--- Information provided ---
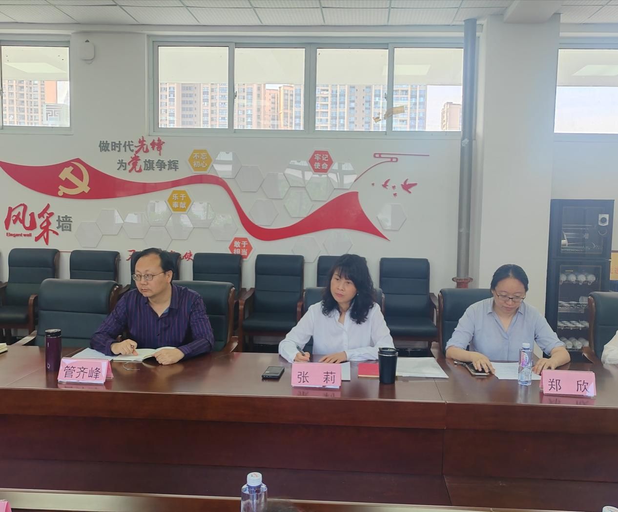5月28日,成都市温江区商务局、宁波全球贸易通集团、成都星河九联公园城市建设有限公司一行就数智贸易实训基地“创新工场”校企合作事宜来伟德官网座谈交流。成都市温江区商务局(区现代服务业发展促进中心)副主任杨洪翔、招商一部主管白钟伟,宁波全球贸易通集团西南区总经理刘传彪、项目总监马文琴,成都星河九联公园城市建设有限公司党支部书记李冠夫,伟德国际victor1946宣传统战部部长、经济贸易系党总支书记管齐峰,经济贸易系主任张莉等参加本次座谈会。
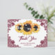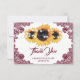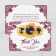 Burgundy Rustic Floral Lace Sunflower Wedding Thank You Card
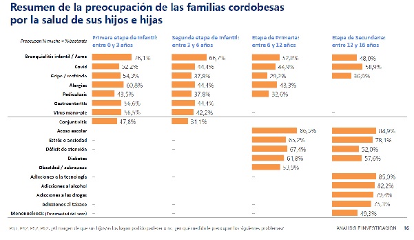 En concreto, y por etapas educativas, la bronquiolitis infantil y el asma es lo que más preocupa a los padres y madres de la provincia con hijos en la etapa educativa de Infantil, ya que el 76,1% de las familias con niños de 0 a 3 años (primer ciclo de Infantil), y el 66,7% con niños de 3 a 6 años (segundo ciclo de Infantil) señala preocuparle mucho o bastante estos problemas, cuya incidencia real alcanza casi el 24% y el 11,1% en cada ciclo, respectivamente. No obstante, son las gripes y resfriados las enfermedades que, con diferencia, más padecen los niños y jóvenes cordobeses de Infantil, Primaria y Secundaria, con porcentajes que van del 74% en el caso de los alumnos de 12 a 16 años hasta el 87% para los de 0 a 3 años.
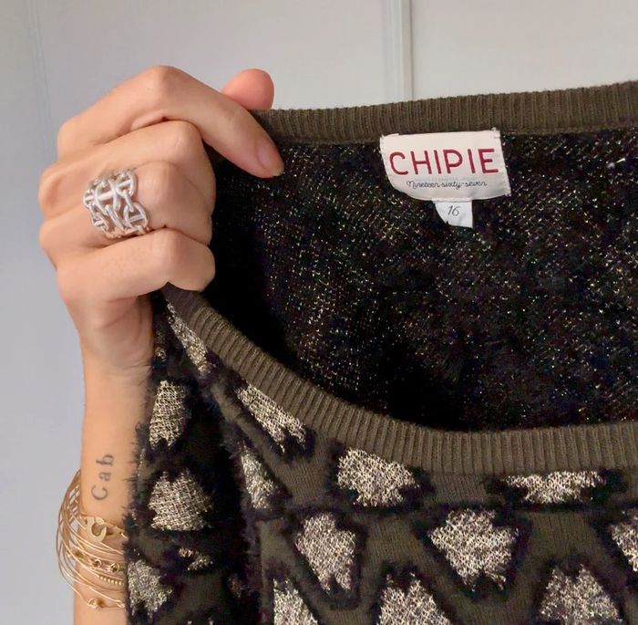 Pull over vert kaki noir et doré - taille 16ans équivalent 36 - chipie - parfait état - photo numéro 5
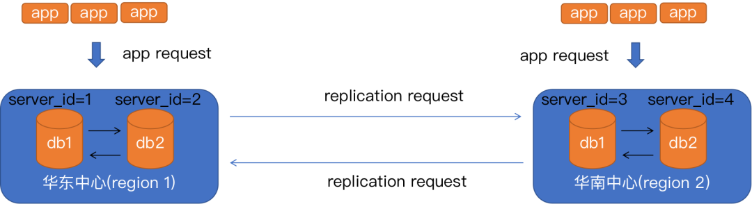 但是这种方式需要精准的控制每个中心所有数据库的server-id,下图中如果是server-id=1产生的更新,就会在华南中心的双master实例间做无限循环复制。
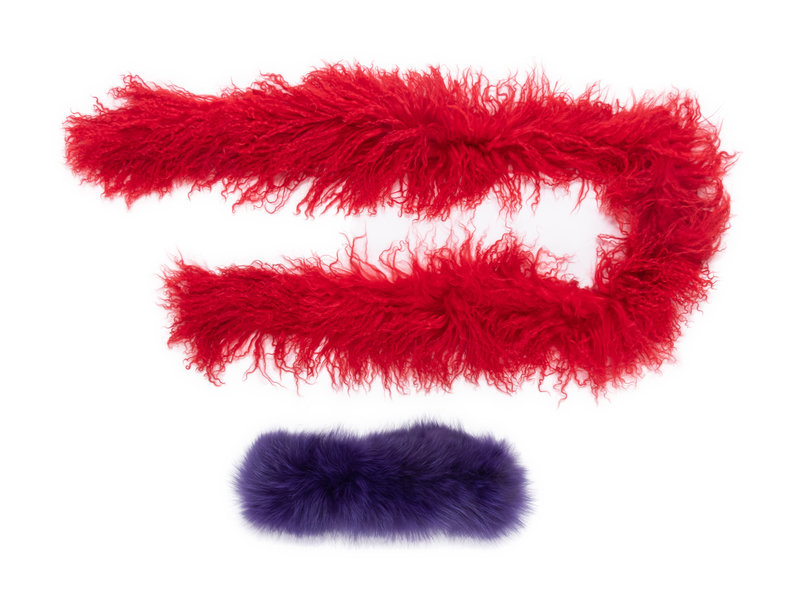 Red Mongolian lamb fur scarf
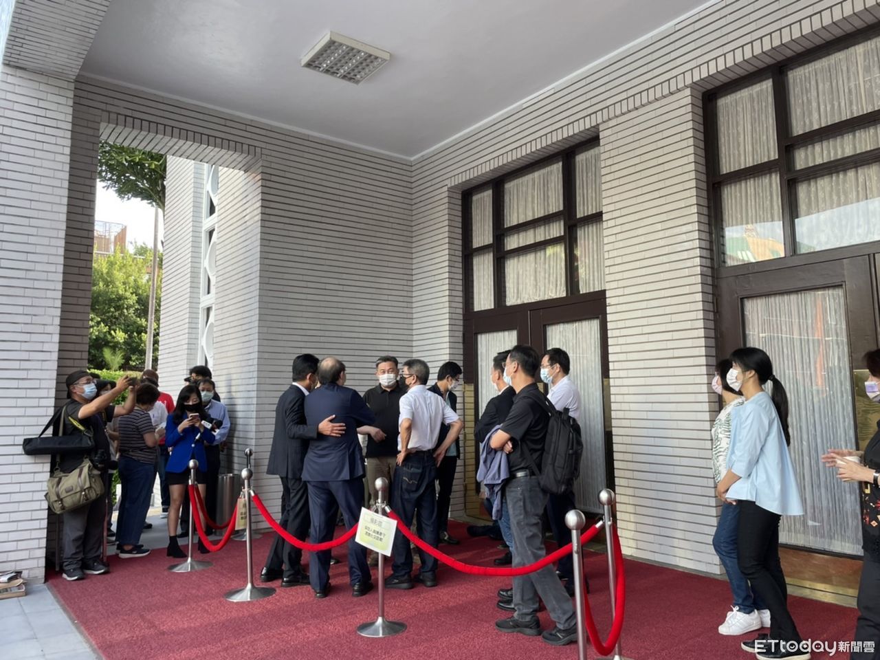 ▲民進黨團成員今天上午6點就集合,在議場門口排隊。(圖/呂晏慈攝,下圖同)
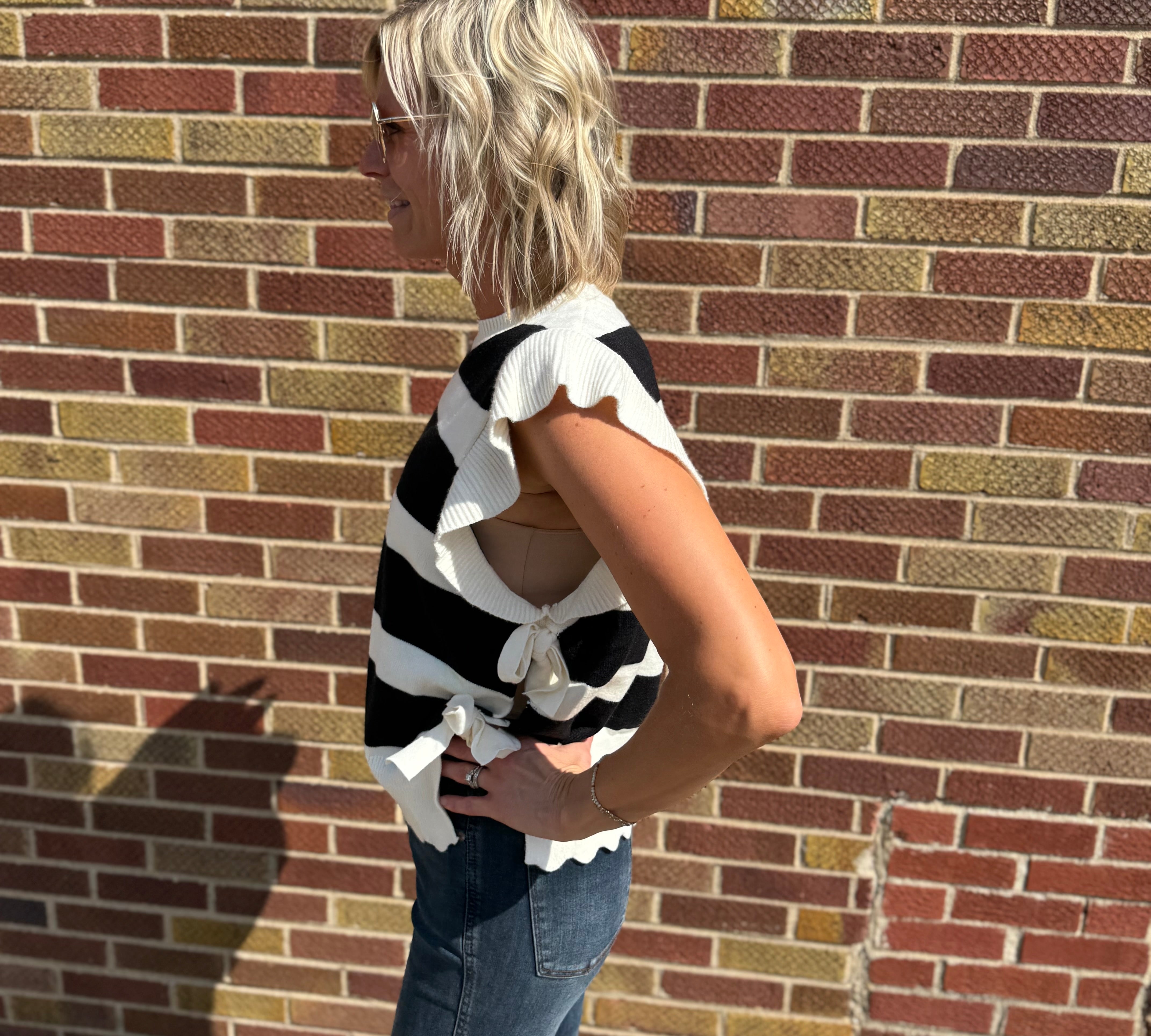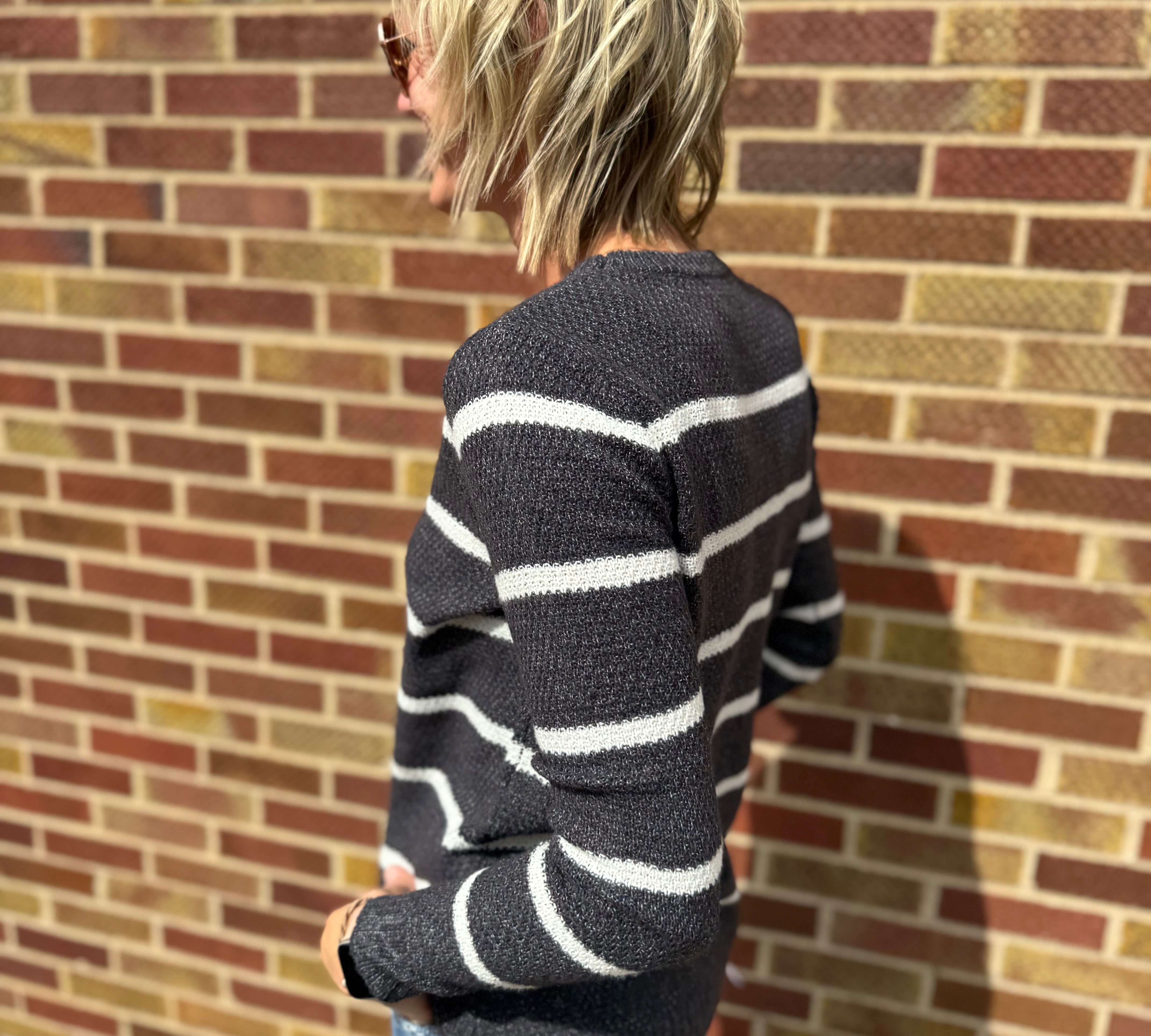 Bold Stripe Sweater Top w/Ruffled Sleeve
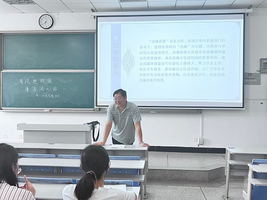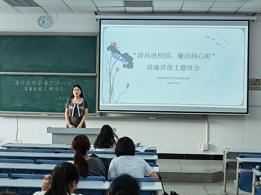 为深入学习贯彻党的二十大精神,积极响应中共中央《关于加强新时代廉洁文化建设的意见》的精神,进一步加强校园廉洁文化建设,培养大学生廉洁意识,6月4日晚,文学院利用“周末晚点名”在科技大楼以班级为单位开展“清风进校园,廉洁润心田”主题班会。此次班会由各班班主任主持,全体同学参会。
---
**Problem description:**
What the answer needs is every line from the one with "Red Mongolian lamb fur scarf" through the last line of the data, reproduced word for word and with pictures omitted.

**Your solution:**
 Red Mongolian lamb fur scarf
 ▲民進黨團成員今天上午6點就集合,在議場門口排隊。(圖/呂晏慈攝,下圖同)
 Bold Stripe Sweater Top w/Ruffled Sleeve
 为深入学习贯彻党的二十大精神,积极响应中共中央《关于加强新时代廉洁文化建设的意见》的精神,进一步加强校园廉洁文化建设,培养大学生廉洁意识,6月4日晚,文学院利用“周末晚点名”在科技大楼以班级为单位开展“清风进校园,廉洁润心田”主题班会。此次班会由各班班主任主持,全体同学参会。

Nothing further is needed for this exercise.